In the middle of all the political intrigue, we have two big subplots that really take over by infusing a human element to movie. First we have the upcoming nuptials of Watson, which we saw Holmes balking at in the last movie. In this movie, we don't see him balking so much as resigning himself to a life of loneliness. On the other hand, we see Watson starting to realize that while his life is full, Holmes' life is not. He is Holmes' only friend and that is a hard place to be for any person. Then we have Holmes and Moriarty's mental chess game (and literal chess game at one point). Holmes has finally come up against someone that he cannot wow with his mental prowess. He tries to confront him with his usual brash style and faces a man who is unimpressed and heartless. It is at the moment - when Holmes realizes that Moriarty is not above cutting down everything and everyone in Holmes' life - that we realize this movie is serious business.

We also have plenty of symbolism which was kind of refreshing because the first movie seemed to lack it, and because it is not heavy-handed. There are running symbols throughout the movie, including devil imagery tied up with Moriarty, the fisher and the trout story, and the, of course, chess pieces. These symbols help us to realize that the mystery is not really what we're watching - we are watching Holmes and Moriarty. We are watching Holmes and Watson. Everything else is just caught in their gravity.

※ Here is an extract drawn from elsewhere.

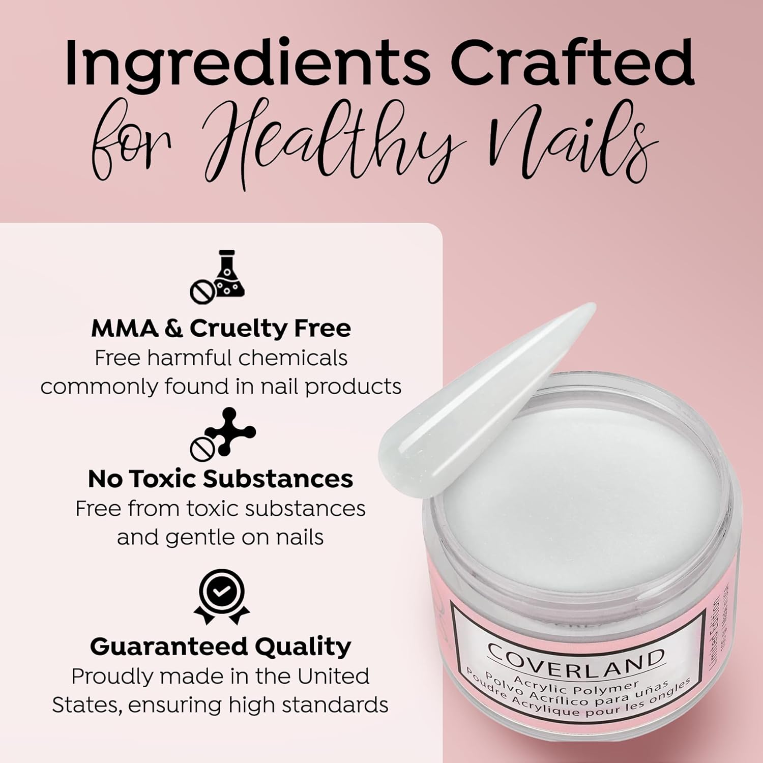 • CAMOUFLAGE IMPERFECTIONS: Coverland Polymers cover the nail bed with highly saturated skin tones and colors, helping to improve aesthetic appearance and hide imperfections. This specially formulated solution ensures a smooth, even application, allowing you to create flawless nail art with ease

The acting: Superb. Everyone brings their best. Robert Downey Jr. plays Holmes with the same childish humor from last time, but with a nice dose of fear and anger at the danger Moriarty poses (and the damage he's done and threatens to do to Holmes personally). The script, which is a little darker in some places than the first movie, calls for Downey to swing from impishness to pain and vulnerability fairly quickly and Downey handles it delicately. Law is back to perfection as the feistier, smarter Watson that he created in the first movie. He's torn between a co-dependent man who obviously loves and needs him and a life full of normalcy. It's not an easy choice and even when Watson is seething at Holmes, we understand that he cares more for him that perhaps anyone else in his life. Stephen Frye isn't given much to do as Mycroft Holmes, but the fact that the elder Holmes was supposed to be even more eccentric than Sherlock is something that could have been a disaster but is done well in Frye's hands. Jared Harris as Moriarty is great-he's benevolent and well-spoken. He's not a psychopath. He's a sociopath. He's calm and collected and just so practical that human collateral means nothing to him. This calmness makes the few moments where he is overtly sinister (he engages in a little torture at one point, complete with hearty opera singing at the same time - he's quite the multi-tasker) all that much more startling.

The cinematography: Beautiful. Watching movies like this makes me want to know more about camera work and whatnot. But not being very knowledgeable about how things are done, I can just say that the entire film is beautiful. Ritchie certainly knows how to film people and things so that they look their best. This also translates over to the action...

The action: This Holmes installment starts off a little slow. It is necessary to have Holmes more mentally engaged in conflict than physically, but the fight scenes are still breathtaking and we still see inside Holmes' mind as he plots out what needs to be done. While this works stylistically, it also helps us see how ordered Holmes' brain has to be just to survive in a world filled with stimuli.

The last half hour or so of the movie really ramps up on the action and doesn't disappoint. Ritichie employs painfully slow slow-motion techniques, but somehow manages to still have a frenetic edge. The last gunfight is just absolutely beautiful.

I won't get into the loveliness of the ending. I don't want to spoil anything, but let's just say it Ritchie manages to infuse just tiny moments with emotions that many director's can't seem to pull off in their entire movies.

5 out of 5 stars and I recommend this movie to anyone.